SUPPLIED MATERIAL:
==========
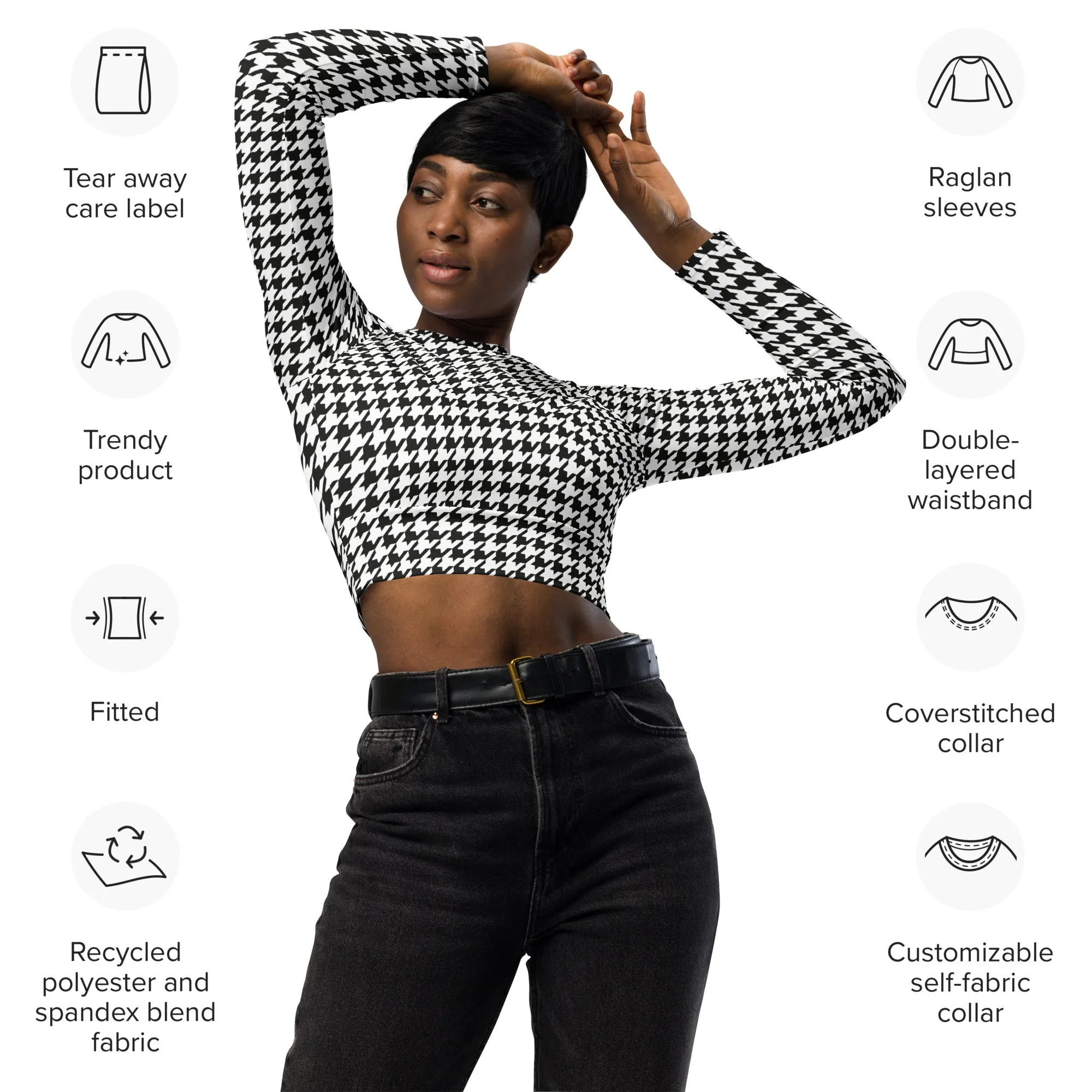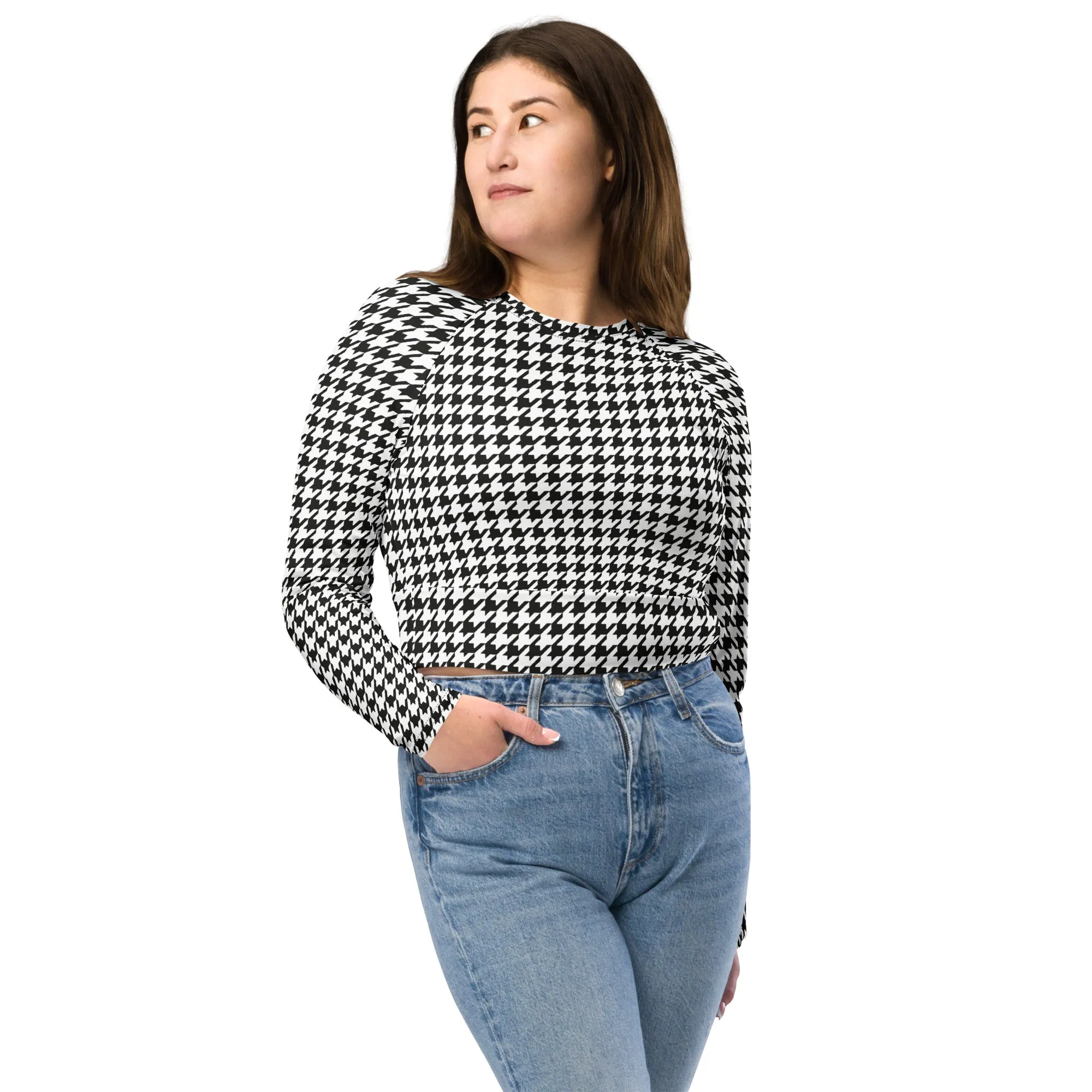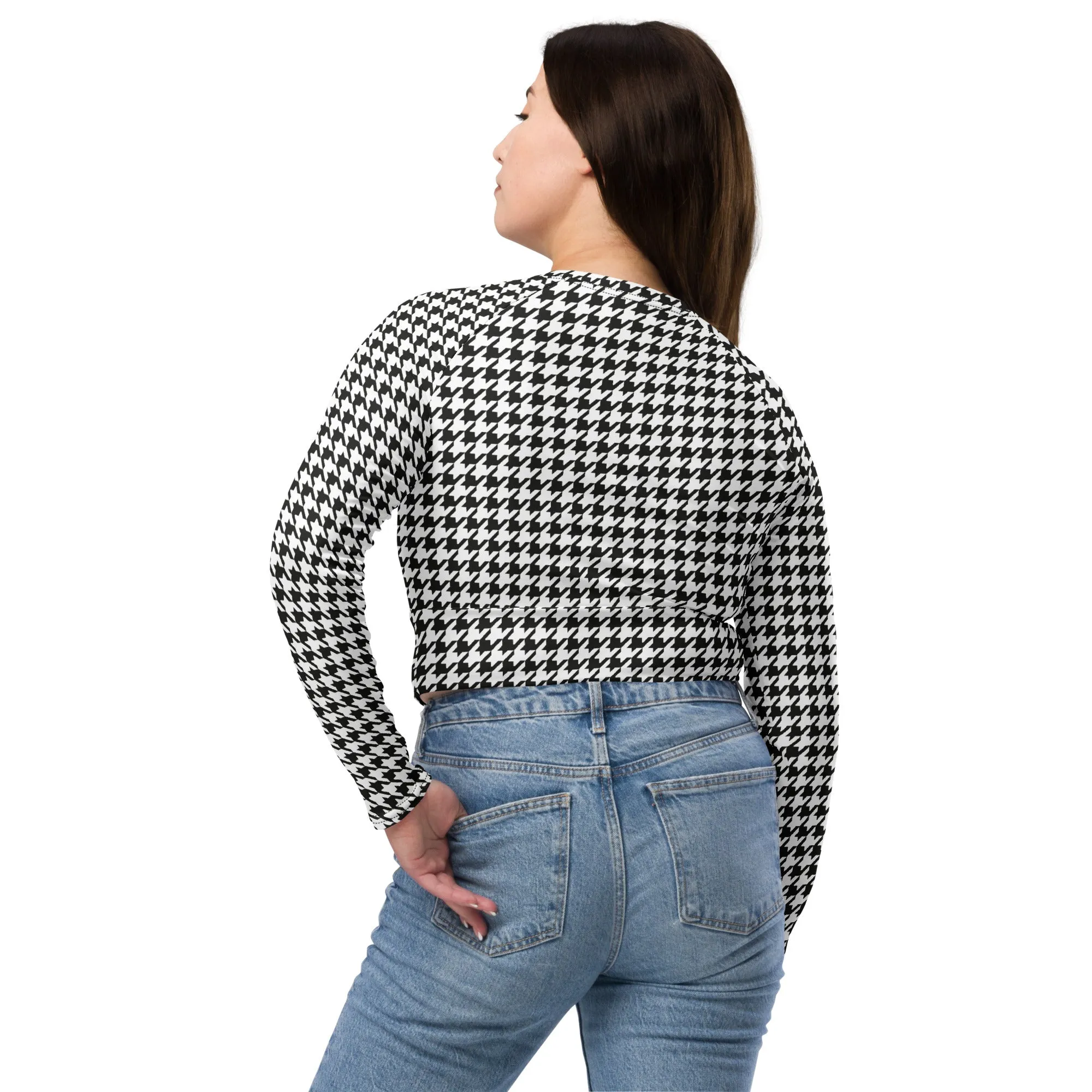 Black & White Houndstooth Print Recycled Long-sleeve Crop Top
==========
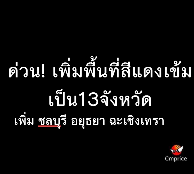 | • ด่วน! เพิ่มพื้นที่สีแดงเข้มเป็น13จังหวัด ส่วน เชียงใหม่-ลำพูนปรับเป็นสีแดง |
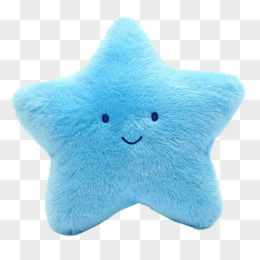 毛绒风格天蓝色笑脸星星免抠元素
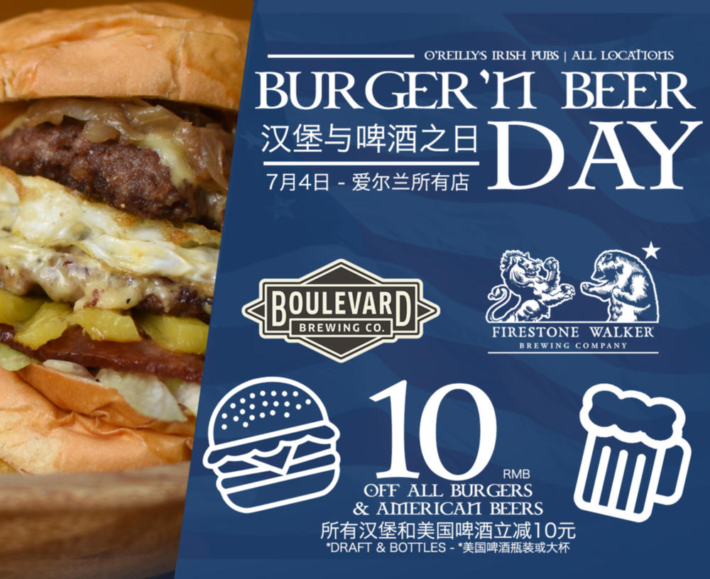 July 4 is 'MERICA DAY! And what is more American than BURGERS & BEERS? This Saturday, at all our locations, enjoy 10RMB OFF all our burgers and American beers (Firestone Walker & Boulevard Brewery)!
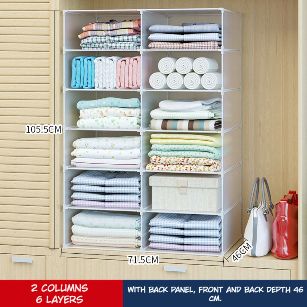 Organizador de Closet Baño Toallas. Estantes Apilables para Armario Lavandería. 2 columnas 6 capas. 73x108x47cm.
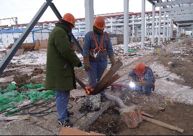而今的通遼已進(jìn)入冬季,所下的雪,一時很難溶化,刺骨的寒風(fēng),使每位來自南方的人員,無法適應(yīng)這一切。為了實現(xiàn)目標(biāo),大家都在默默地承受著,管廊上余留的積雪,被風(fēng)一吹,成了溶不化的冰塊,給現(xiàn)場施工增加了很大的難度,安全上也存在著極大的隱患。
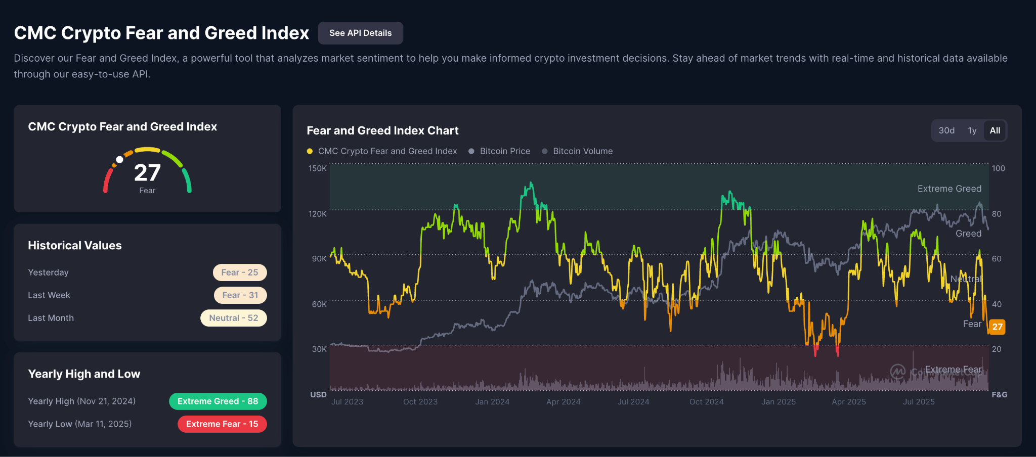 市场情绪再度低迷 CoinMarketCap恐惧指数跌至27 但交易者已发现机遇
==========
If a picture sits between the line containing "ส่วน เชียงใหม่-ลำพูนปรับเป็นสีแดง |" and the line containing "毛绒风格天蓝色笑脸星星免抠元素", leave it out, and return the lines of that range above exactly, both ends included.

 | • ด่วน! เพิ่มพื้นที่สีแดงเข้มเป็น13จังหวัด ส่วน เชียงใหม่-ลำพูนปรับเป็นสีแดง |
 毛绒风格天蓝色笑脸星星免抠元素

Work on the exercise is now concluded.